Estratégias de inbound marketing tendem a se apoiar em canais próprios e conquistados, enquanto ações de outbound marketing costumam usar canais pagos para acelerar o alcance.
Os 19 canais de aquisição de clientes
Uma referência muito citada quando o assunto é aquisição é o livro Traction, de Gabriel Weinberg e Justin Mares, que descreve dezenove canais possíveis para uma empresa crescer. A lista serve como um cardápio para não ficar preso a uma ou duas opções óbvias.
Os dezenove canais são: marketing viral, relações públicas (PR), PR não convencional, marketing em buscadores (SEM), anúncios sociais e display, anúncios offline, otimização para buscadores (SEO), marketing de conteúdo, e-mail marketing, marketing de engenharia (ferramentas gratuitas), blogs de nicho, desenvolvimento de negócios, vendas, programas de afiliados, plataformas existentes, feiras e eventos, eventos offline, palestras e construção de comunidade.

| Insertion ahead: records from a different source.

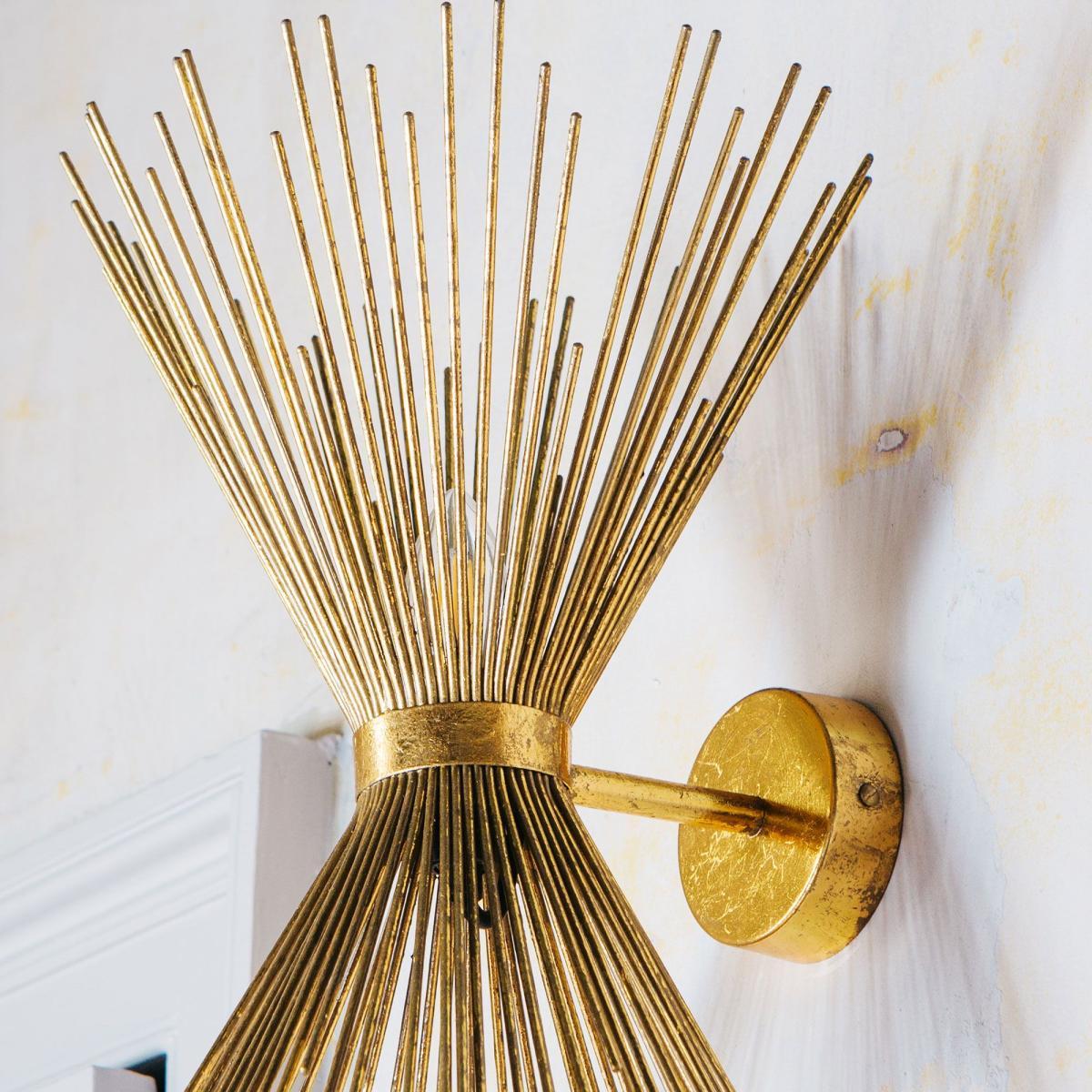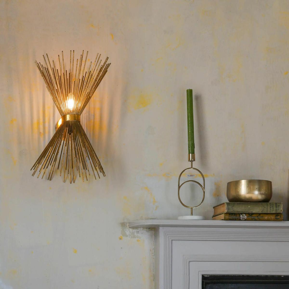 Use your interior details to make a bold statement, starting with our Stella wall light. Crafted from iron, each one features a number of thin rods in varying lengths, shaped to resemble rays of light. Featuring a gold foil finish, the Stella wall light would be an eye-catching addition to any hallway, bedroom, or sitting room.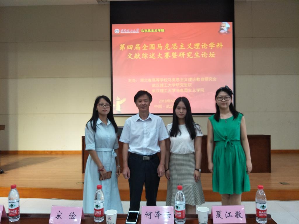 6月23日,由湖北省高等公司马克思主义理论教育研究会、武汉理工大学研究生院主办,武汉理工大学永利yl23411承办的第四届全国马克思主义理论学科文献综述大赛暨研究生论坛在武汉理工大学(马房山校区)顺利召开。武汉理工大学党委副书记夏江敬、湖北省教育厅思政社科处何泽云处长、湖北省高等公司马克思主义理论教育研究会秘书长李资源教授、武汉大学永利yl23411宋俭教授、华中师范大学永利yl23411经理万美容教授、华中科技大学永利yl23411副经理黄长义教授、公司经理徐方平教授等领导和专家应邀出席。来自清华大学、复旦大学、南京大学、厦门大学、四川大学、南昌大学等30多所高校的近100名硕士研究生和博士研究生参加。公司2017级马克思主义基本原理专业博士研究生沈钰晶,2016级思想政治教育专业硕士研究生赵璐、禹荟彩以文入会。
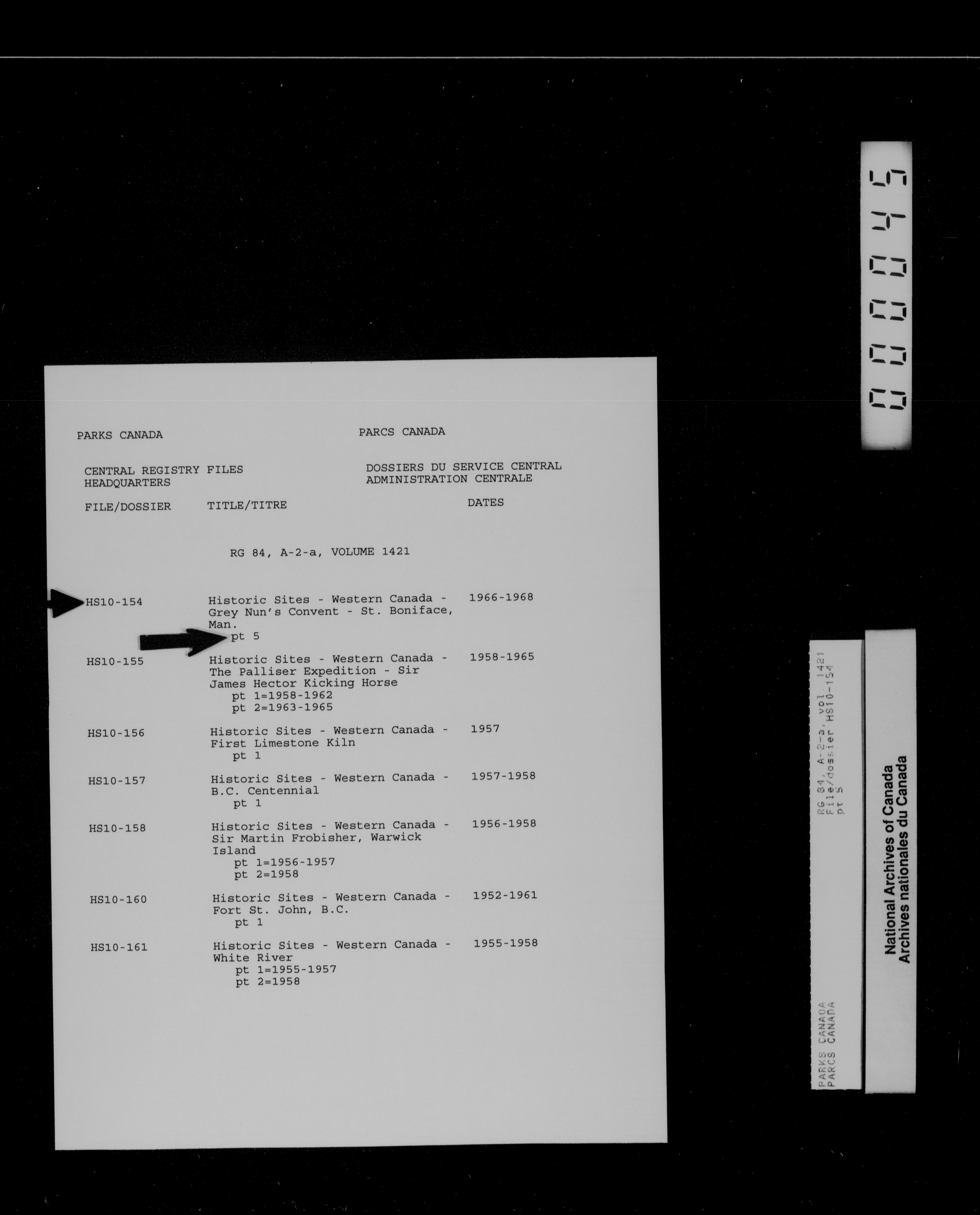 Department of Canadian Heritage, Canadian Parks Service : Park/subject classification system - 14246

A ideia central do livro é o chamado teste do bullseye: experimentar vários canais em pequena escala, medir e concentrar esforço nos poucos que realmente tracionam para o seu negócio, em vez de tentar todos ao mesmo tempo.
Como escolher os melhores canais para o seu negócio
Não existe um canal universalmente melhor, existe o canal certo para o seu público e o seu momento. Para escolher com critério:
- Comece pela persona: entenda onde a sua persona passa o tempo e como ela costuma buscar solução para o problema que você resolve.
- Considere o funil: alguns canais atraem quem ainda está descobrindo o tema, outros captam quem já quer comprar. Mapear isso no funil de vendas evita investir no canal errado para cada etapa.
- Calcule o custo: compare o custo de aquisição de cliente de cada canal com o valor que esse cliente gera ao longo do tempo.
- Equilibre curto e longo prazo: combine um canal de resultado rápido, como a mídia paga, com um de construção, como o SEO, que amadurece mas reduz o custo com o tempo.
O ideal é ter dois ou três canais fortes e previsíveis, em vez de depender de um só. Assim, se um deles oscila, o negócio não fica sem aquisição.

Como medir e otimizar os canais de aquisição
Um canal só vira estratégia quando é medido. Sem dados, é impossível saber onde investir mais e onde cortar. Alguns pontos práticos:
- Marque a origem: use parâmetros UTM nos links para identificar de qual canal cada visita chegou.
- Acompanhe o funil por canal: não olhe só visitas, mas quantas viram lead e cliente em cada fonte.
- Melhore a conversão: trabalhar o CRO faz o mesmo volume de tráfego render mais, aumentando o retorno de todos os canais de uma vez.
- Reveja a atribuição: lembre que o cliente costuma passar por vários canais antes de comprar, então evite dar todo o crédito ao último clique.
Com medição contínua, os canais deixam de ser um palpite e passam a ser um sistema: você sabe quanto entra, a que custo e onde ajustar para crescer.